*** Excerpted data ***

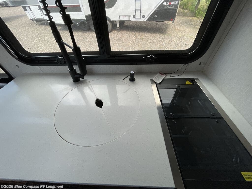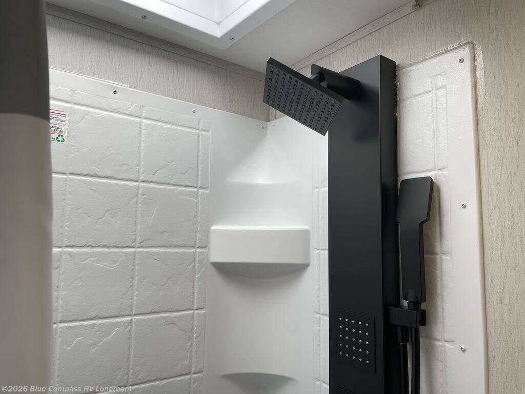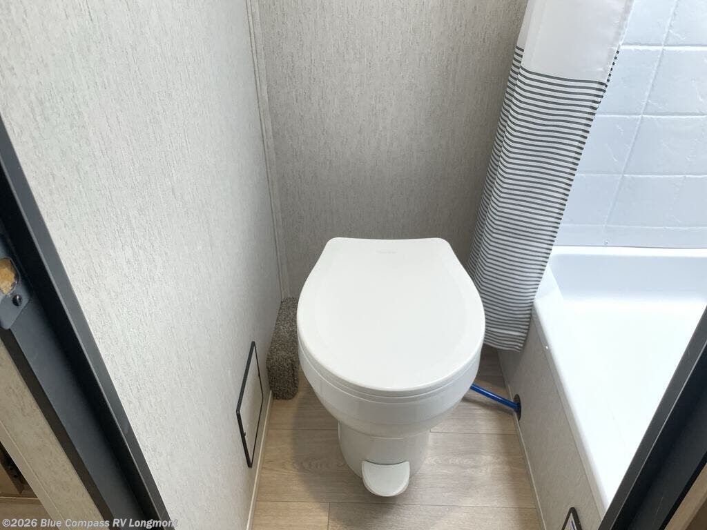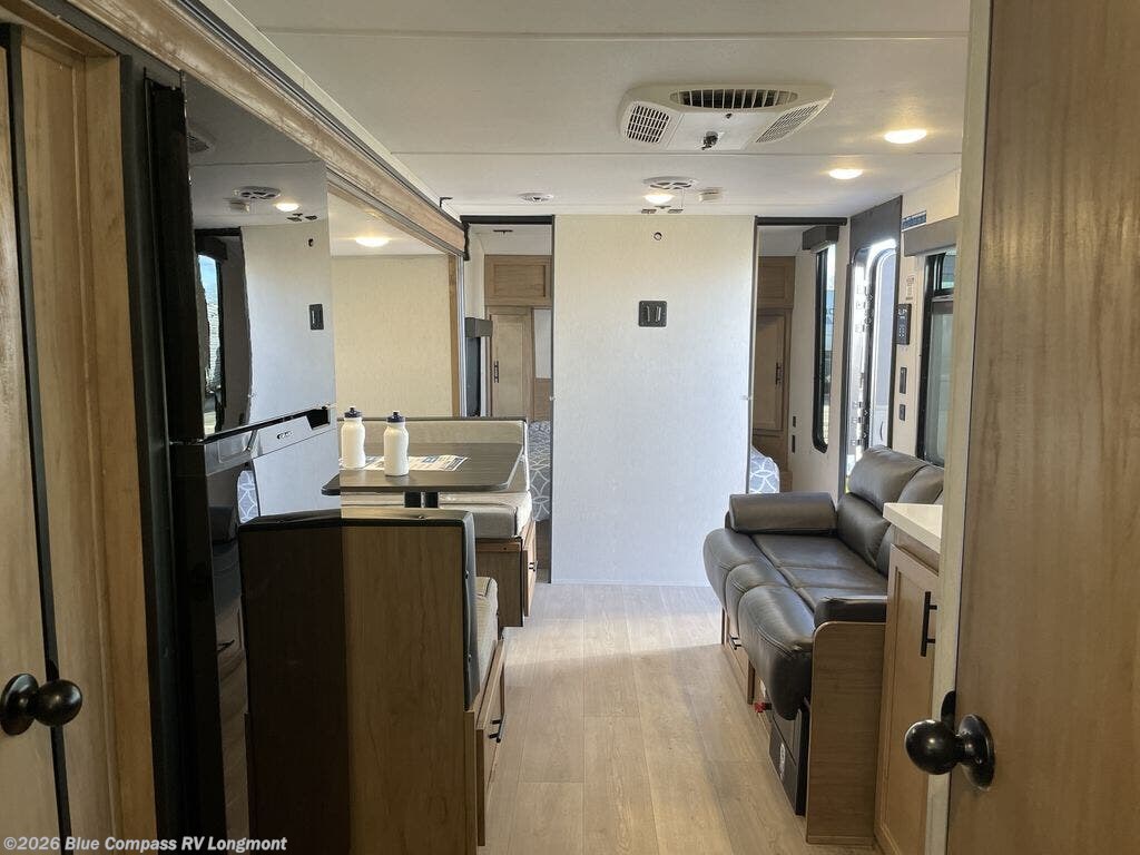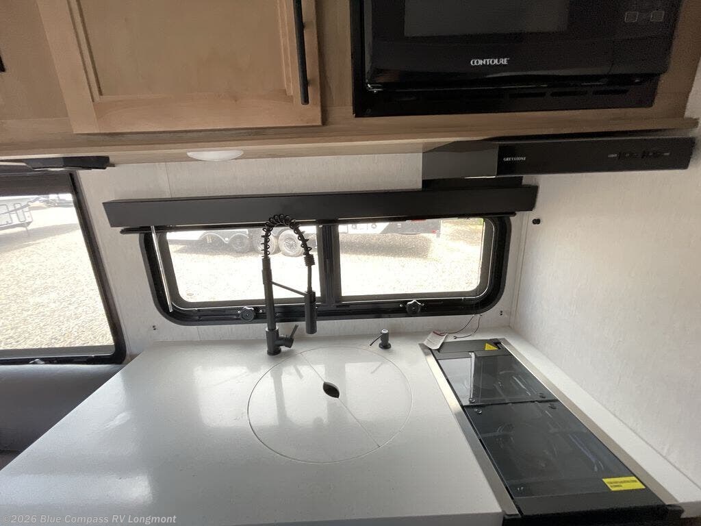Sleeping for nine or ten is made easy in this Wolf Pup Black Label model with large bunks in the rear of the unit, a queen bed up front in the private bedroom with dual sliding entry doors, as well as when using the furniture once converted. The u-shaped dinette allows you to dine comfortably for meals, play games when indoors hanging out, and even use as a bed for two. There are large storage drawers beneath both side seats to store games, extra pots and pans, or whatever you need. The sofa opposite also flips into a convenient bed when needed. Storage is in abundance in this Wolf Pup model with a large storage door that can be accessed inside by flipping up the bunks or from the outside storage plus door. More outside storage can be found up front, and on the inside you will find a large pantry, overhead cabinets, plus wardrobes in the front bedroom for your clothing. The tub/shower has an overhead skylight to let in natural light, provide a bit more head room, and give you a glimpse of your day when you wake. You will also enjoy great views through the large panoramic windows above the dinette and sofa.
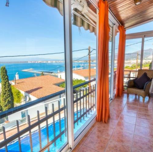 Rosas, EspañaCasa "Joan Sarda", de 3 plantas. En el barrio de Els Balins, a 1.5 km del centro de Roses, lugar tranquilo, soleado en una pendiente, zona con poco tráfico, a 300 m del mar. Privado: piscina (5 x 6 m, 120 cm de profundidad, Disponible por temporada: 01.Jun. - 30.Sep.). Terraza, muebles de jardín. En el inmueble: Wifi, lavadora. Acceso por escaleras hasta la casa. Aparcamiento (para 2 coches). Tienda de comestibles 400 m, supermercado 1 km, restaurante 1 km, bar 1 km, café 500 m, playa de arena "Palangres", cala para bañarse 300 m. Puerto deportivo 1 km, campo de golf (12 hoyos) 15 km, tenis 4 km, minigolf 4 km. Atracciones en los alrededores: Parque Acuático Aquabrava Roses 4 km, Túnel del viento y Skydive Empuriabrava 6 km, Cadaqués 16 km, Castillo y festival de Peralada 23 km, Museo Dalí Figueres 21 km, Monasterio de Sant Pere de Rodes 23 km. A tener en cuenta: coche recomendable. Grupos de jóvenes sólo bajo petición. Casa 5 estancias 130 m2 en 3 plantas. Entrada. 1 dorm. con 1 cama de matrimonio. Ducha/WC. Calefacción. Planta superior: salón-comedor con chimenea y TV. Salida a la terraza. 1 dorm. con 1 cama de matrimonio. 1 dorm. con 2 camas. Cocina abierta (horno, lavavajillas, microondas). Baño/bidet/WC. Planta superior 2: 1 dorm. con 1 cama de matrimonio. Salida a la terraza. Terraza 5 m2, terraza 15 m2. Muebles de terraza. Vista espléndida al mar. El alojamiento dispone de: lavadora. Internet (Wifi, gratis). Garaje (2 Coches). A tener en cuenta: 1 mascota / perro. TV solamente ES. HUTG010542
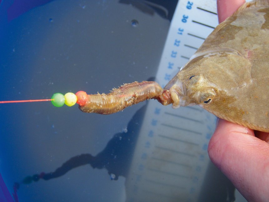 Dans leurs déplacements, les plats se classent dans les poissons lents. Généralement, ils réalisent de petites touches brèves avant de se caler sur le fond. Néanmoins, les plus belles pièces sont capables de détendre la ligne, voire d’emmener le montage en créant une dérive. Dès que vous voyez la touche, prenez le temps d’escher un second montage afin d’optimiser votre temps de pêche. Le ferrage est inutile car lorsque le poisson s’ensable, il se pique automatiquement avec la tension de la ligne ou du plomb. Les hameçons à hampe longue (Aberdeen), généralement utilisés pour escher les vers marins, sont excellents pour une parfaite présentation. En effet, la longue hampe favorise l’auto-ferrage mais assurent aussi un décrochage plus facile pour ces poissons qui ont la fâcheuse tendance à engamer profondément les appâts. À cette période de l’année, les incontournables restent les vers ramassés sur place ou achetés chez votre détaillant.
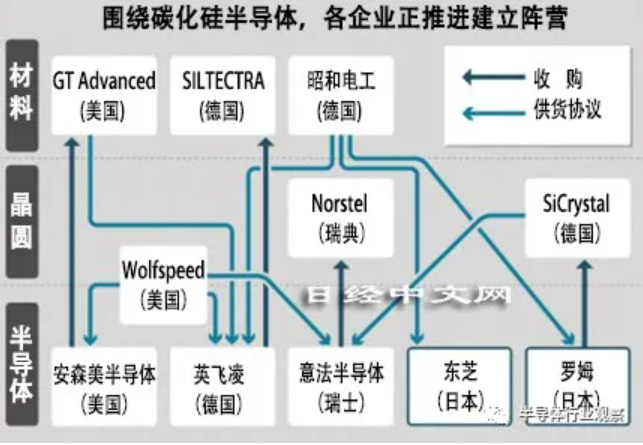 半导体企业间还出现了通过併购(M&A)与材料厂商推进“垂直整合”的动向。功率半导体份额居世界第2位的美国安森美半导体(ON Semiconductor)8月宣佈,将以约460亿日元的价格收购一家从事碳化硅生産业务的美国公司。罗姆也于2009年收购碳化硅晶圆制造商德国SiCrystal,阵营的构建有望进一步取得进展。
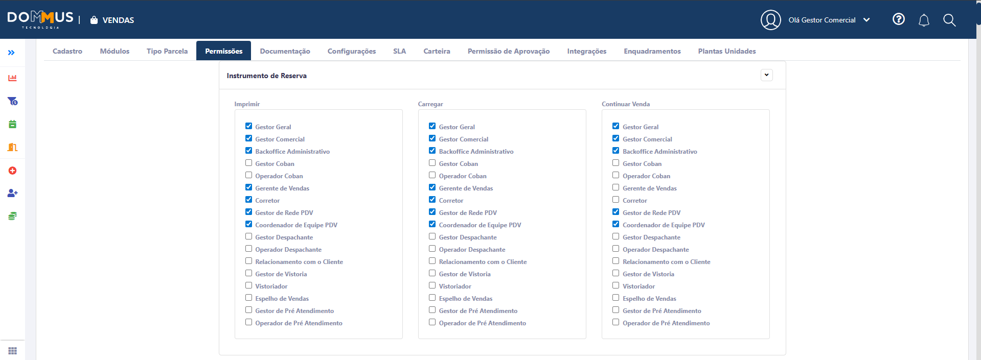 Por exemplo, quando o empreendimento trabalha com Contrato de Reserva, é possível definir quais usuários terão permissão para:

***

▸ Work order:
Drop every picture and repeat the rest of the entries exactly.

▸ Solution for this task:
Sleeping for nine or ten is made easy in this Wolf Pup Black Label model with large bunks in the rear of the unit, a queen bed up front in the private bedroom with dual sliding entry doors, as well as when using the furniture once converted. The u-shaped dinette allows you to dine comfortably for meals, play games when indoors hanging out, and even use as a bed for two. There are large storage drawers beneath both side seats to store games, extra pots and pans, or whatever you need. The sofa opposite also flips into a convenient bed when needed. Storage is in abundance in this Wolf Pup model with a large storage door that can be accessed inside by flipping up the bunks or from the outside storage plus door. More outside storage can be found up front, and on the inside you will find a large pantry, overhead cabinets, plus wardrobes in the front bedroom for your clothing. The tub/shower has an overhead skylight to let in natural light, provide a bit more head room, and give you a glimpse of your day when you wake. You will also enjoy great views through the large panoramic windows above the dinette and sofa.
 Rosas, EspañaCasa "Joan Sarda", de 3 plantas. En el barrio de Els Balins, a 1.5 km del centro de Roses, lugar tranquilo, soleado en una pendiente, zona con poco tráfico, a 300 m del mar. Privado: piscina (5 x 6 m, 120 cm de profundidad, Disponible por temporada: 01.Jun. - 30.Sep.). Terraza, muebles de jardín. En el inmueble: Wifi, lavadora. Acceso por escaleras hasta la casa. Aparcamiento (para 2 coches). Tienda de comestibles 400 m, supermercado 1 km, restaurante 1 km, bar 1 km, café 500 m, playa de arena "Palangres", cala para bañarse 300 m. Puerto deportivo 1 km, campo de golf (12 hoyos) 15 km, tenis 4 km, minigolf 4 km. Atracciones en los alrededores: Parque Acuático Aquabrava Roses 4 km, Túnel del viento y Skydive Empuriabrava 6 km, Cadaqués 16 km, Castillo y festival de Peralada 23 km, Museo Dalí Figueres 21 km, Monasterio de Sant Pere de Rodes 23 km. A tener en cuenta: coche recomendable. Grupos de jóvenes sólo bajo petición. Casa 5 estancias 130 m2 en 3 plantas. Entrada. 1 dorm. con 1 cama de matrimonio. Ducha/WC. Calefacción. Planta superior: salón-comedor con chimenea y TV. Salida a la terraza. 1 dorm. con 1 cama de matrimonio. 1 dorm. con 2 camas. Cocina abierta (horno, lavavajillas, microondas). Baño/bidet/WC. Planta superior 2: 1 dorm. con 1 cama de matrimonio. Salida a la terraza. Terraza 5 m2, terraza 15 m2. Muebles de terraza. Vista espléndida al mar. El alojamiento dispone de: lavadora. Internet (Wifi, gratis). Garaje (2 Coches). A tener en cuenta: 1 mascota / perro. TV solamente ES. HUTG010542
 Dans leurs déplacements, les plats se classent dans les poissons lents. Généralement, ils réalisent de petites touches brèves avant de se caler sur le fond. Néanmoins, les plus belles pièces sont capables de détendre la ligne, voire d’emmener le montage en créant une dérive. Dès que vous voyez la touche, prenez le temps d’escher un second montage afin d’optimiser votre temps de pêche. Le ferrage est inutile car lorsque le poisson s’ensable, il se pique automatiquement avec la tension de la ligne ou du plomb. Les hameçons à hampe longue (Aberdeen), généralement utilisés pour escher les vers marins, sont excellents pour une parfaite présentation. En effet, la longue hampe favorise l’auto-ferrage mais assurent aussi un décrochage plus facile pour ces poissons qui ont la fâcheuse tendance à engamer profondément les appâts. À cette période de l’année, les incontournables restent les vers ramassés sur place ou achetés chez votre détaillant.
 半导体企业间还出现了通过併购(M&A)与材料厂商推进“垂直整合”的动向。功率半导体份额居世界第2位的美国安森美半导体(ON Semiconductor)8月宣佈,将以约460亿日元的价格收购一家从事碳化硅生産业务的美国公司。罗姆也于2009年收购碳化硅晶圆制造商德国SiCrystal,阵营的构建有望进一步取得进展。
 Por exemplo, quando o empreendimento trabalha com Contrato de Reserva, é possível definir quais usuários terão permissão para:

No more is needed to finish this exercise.